Baking Chez Moi – Odile’s Fresh Orange Cake

  
Happy International Women’s Day, everyone! Here’s to continuing the march toward equality for all women, across the world and at home.

Baking may not seem like a good fit on a day that’s dedicated to women’s equality, but all the activist and community groups I’ve been part of have fuelled change with agile minds and satisfied stomachs. Even cookbooks have been wielded as tools for change by feminists – suffragists used them to spread their message, filling them with recipes and resistance.

So in this spirit, I think it’s fitting that I’m writing about a cake that begs to be shared. Any group of people who were lucky enough to find this orange cake on their meeting room table might find the fortitude to change the world.

I have a special fondness for orange cake – my grandmother used to make it and it was a favourite for everyone in the family. Unfortunately her recipe is lost to us, so I’ve tried any that I’ve encountered in an attempt to find one that measures up to my memory of hers.

That’s the problem, of course – what can measure up to a treasured memory? So, I just enjoy the orange cakes as they come along, noting down the ones that come close, along with those I appreciate just for themselves.

Odile’s Orange Cake falls into the second category. Though I think my grandmother would have appreciated the orange-y, buttery flavour very much, it’s a cake that’s different in kind than the one she used to make. Hers was moist, with a fine crumb, but also sturdier than this cake. That’s no surprise, since this one is soaked in the syrup used to poach the oranges that decorate it. It’s not just moist, it’s suffused with moisture in the best possible way.

  
There’s something else that’s different about this cake. I used goat butter to make it. It’s a delicious butter that has a different character than that made from cow’s milk. If you’re interested, Chowhound made a short video on the subject.

This recipe was well worth using my tiny stash of goat butter. And I think that if I bring it to my committee meeting tomorrow night, it might be the perfect way to celebrate solidarity amongst a group of women working to benefit our community.

You can find the rest of the Tuesdays with Dorie crew’s entries on this recipe here: Odile’s Fresh Orange Cake.

31 thoughts on “Baking Chez Moi – Odile’s Fresh Orange Cake

  1. I have a sweet tooth and inflating weight…and am struggling hard to regain my basic fitness and health.
    And if I fail, this delightful, delicious and devilish dish will be at complete fault for it ! (If ever I decide to try making it and end up with a yummy creation) 😉
    Thank you for posting

    P.S. Happy Women’s day (Belated)

  2. Great Post Teresa! Love the orange cake though I do hope you can find the precise flavor some time in your future to match that of your grandmother. Happy International Women’s Day!

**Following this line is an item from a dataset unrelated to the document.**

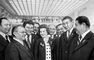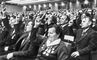 Первый секретарь ЦК СЕПГ Е. Хонеккер (в центре) и председатель Государственного совета ГДР В. Штоф (второй слева) среди делегатов съезда.
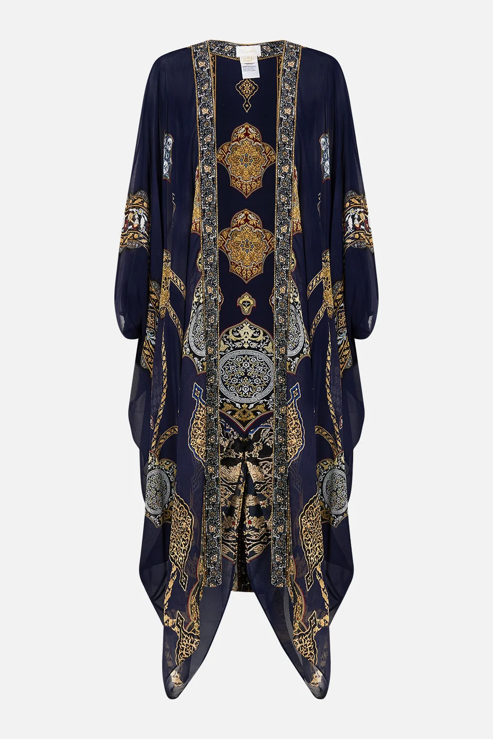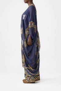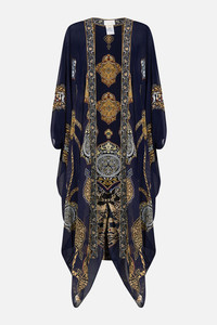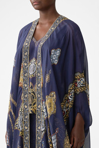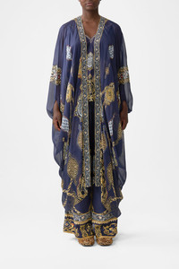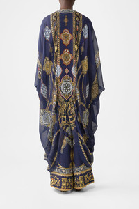 The The Imperial Gate Layer With Centre Back Panel is a handcrafted silk silhouette designed by our in house artisans. Reimagined in an exclusive limited edition print, our layer is crafted for comfort and contrast, featuring a heavily embellished back panel that falls to a decadently draped hemline. Effortlessly elevated with generous long sleeves, it's finished with intricately placed crystal embellishments. - 100% Silk - Relaxed Fit - Draped Hem - Long Sleeve - Heavily Embellished Centre Back Panel SKU 00036600-IMPEGATE-O/S Size and Fit Our model wears a CAMILLA O/S and is 5'10 (178cm) tall. Her standard dress size is an AU 10. She has a 32in (83cm) bust, 35in (89.5cm) hips and a 25in (66cm) waist. Designed as a one size fits all, in an oversized fit. Fabric and Care 100% SILK A featherlight, sheer, material renowned for its delicate flow and graceful drape, silk flat chiffon creates a softly cascading silhouette with a subtle lustre.

  3. Wow- goat butter. That is awesome. Fun post all around and so true about memories vs recipes. My own paternal grandmother always said that things “tasted better out” or when someone else is making it. And she wasn’t simply trying to get out of the prep work. Something funny happens when we get that recipe we have longed for and try to recreate it- I guess that is part of the magic. This cake was lovely but I found that it had me longing for a pound cake type citrus cake and I will likely knock one of those out in the near future. And fun info about the suffragette cookbooks. I recall Ina Garten explaining that when she was raised the focus was actually on her educational and her parents basically tried to dissuade her from cooking in the kitchen, so it was something she came to later. Not always an all or nothing proposition in life- we can in fact have careers or “our cake” and eat it too 🙂

    1. Thanks so much, Tricia! The suffragette cookbook story tickled me – such a good way to get their message out! And I love that Ina Garten story. I remember getting criticized by a university classmate (male) for getting a really good set of pots for Christmas. He thought it was beneath an educated person. But, those pots were used in many a terrific meal over the next decade, for potlucks and dinner parties with great conversation and intelligent debate. I agree – we can have “our cake” and eat it, too. Nicely put! 🙂

  4. I loved reading your words! And I am glad in the end the cake was worth using up your stash of goat butter. The cake looks wonderful, I can not wait to try this one!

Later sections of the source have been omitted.